Platform layer: based on K8s, KubeSphere multi-cluster management, Service Mesh, Serverless and other cloud native technologies to improve technology advancement and technology architecture evolution.

Resource scheduling:

  • Affinity of the node is considered: Machine configuration, common disks, SSDS, GIGABit nics, and gigabit nics
  • Capacity estimation: Estimate the capacity before release. If resources are insufficient, do not release the capacity
  • Machine load: Try to balance the load among all nodes in the cluster

Double Deployment release

Advantages:

  1. Reduced operation complexity, operation only include create, scale, delete. A single Deployment update process may fail, get stuck in an intermediate state, and neither upgrade nor rollback can take place
  2. Batch operation is supported and the release process is more controllable
  3. Updating the Deployment label becomes possible

Disadvantages:

  • The Deployment state needs to be logged and controlled, which can be more complex than a single Deployment

Automatic migration of service applications

This containerization needs to migrate 3000+ applications. In order to reduce the migration cost of developers and testers, we provide a solution of automatically upgrading Java SDK and automatically migrating containers.
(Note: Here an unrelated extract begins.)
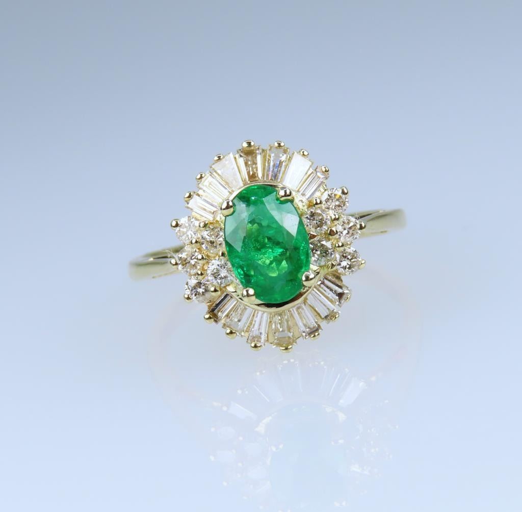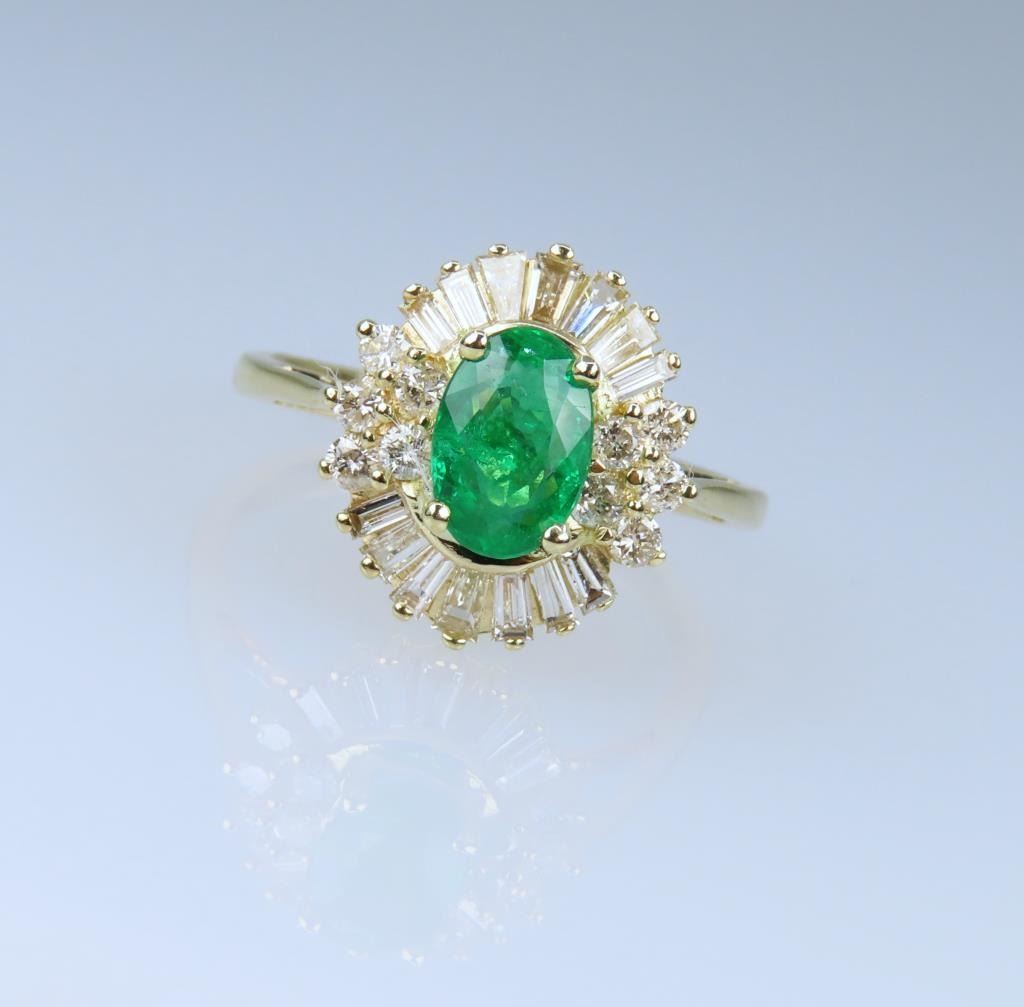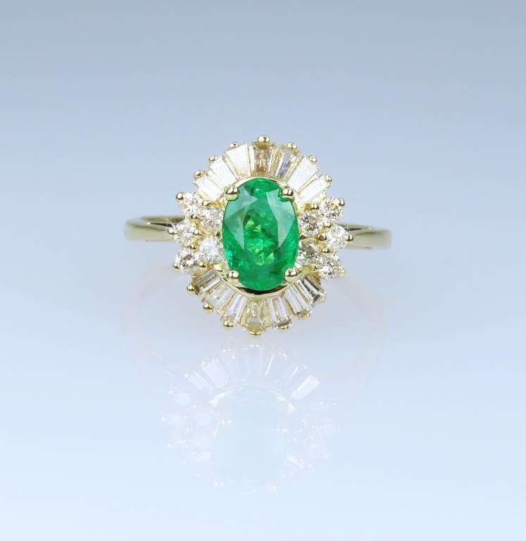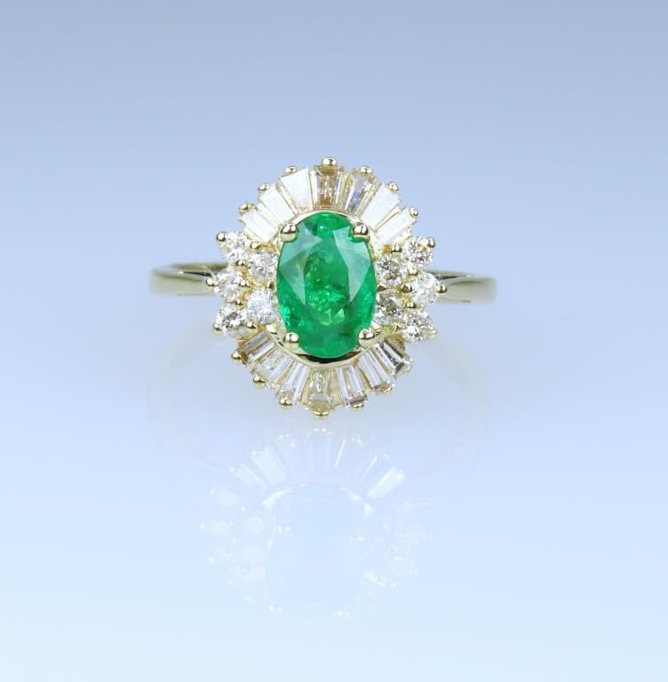 and Diamond Ring, featuring an oval cut Vivid Green Emerald weighing approx. 1.00 carat framed with 24 baguette and round cut Diamonds with G-H colors and VS-SI clarity, weighing approx. 1.00 carats, set in 14 karat yellow gold setting, ring size 6. Retail $4,000-$6,000.

Automatic migration scheme:

  1. Pre check

    • Verify that the SDK for the automatic upgrade is referenced
    • The compile phase verifies whether there are any Java methods that are not suitable for containerization scenarios, such as whether a method dependent on hostname is called. If there are any methods, the container will fail to publish in advance. Because it is normal for container scene IP to change and hostname to change frequently, it would be problematic for business line to rely on hostname to distinguish business logic in the past
  2. Test environment verification

    Release the SDK in the test environment after automatic upgrade and verify that the containerized upgrade of the application is ok

  3. Online Environment verification

    • Gray published online, temporarily do not access traffic
    • Notify the application owner to automate the tests
    • If no problem is found, access online traffic
  4. Mixed deployment

    • The online container and KVM are deployed at the same time, and the traffic ratio is adjusted based on the instance ratio
    • Pay attention to indicators and alarms
  5. All traffic is connected to the container

    The container is fully deployed and the KVM capacity is removed (the KVM will be kept for several days for observation).

  6. To observe the

    Pay attention to service monitoring indicators after all containers are used. If exceptions are found, go back to the KVM

  7. KVM recycling

    In order to quickly release resources to the K8s cluster, the owner of the application will be notified of the reclamation machine within the specified period. If the reclamation time (7 days) is exceeded, the remaining KVM resources will be forcibly reclaimed

Automatically upgrade the SDK process

Tcdev BOM is a common infrastructure for the company to manage binary and tripartite package dependencies. Most Java applications use this component, so our upgrade SDK solution is to automatically detect and upgrade the TCDEV version during compilation.

Prerequisites for upgrading the SDK

The premise instructions
Unified management of two-party and three-party packages Super POM, TCDEV-BOM: Unified management and upgrade of core components
The quality of entrance guard Static code check, version compatibility check, quality control before launch
Automatically verify component compatibility after upgrade Run automated tests in batches to compare the master branch with the upgraded branch
Supermanage permissions for publishing Automatic upgrade, gray scale, online

Upgrade steps

After the review, many business students also gave feedback that the self-service upgrade and migration saved them a lot of time, and the value was very obvious, which was recognized by everyone.

conclusion

In the process of cloud native transformation, it is very challenging to make the business more smoothly enjoy the dividend of cloud native. I hope this article can bring some inspiration to students who just entered cloud native. Cloud native road, we work together!

This article is published by OpenWrite!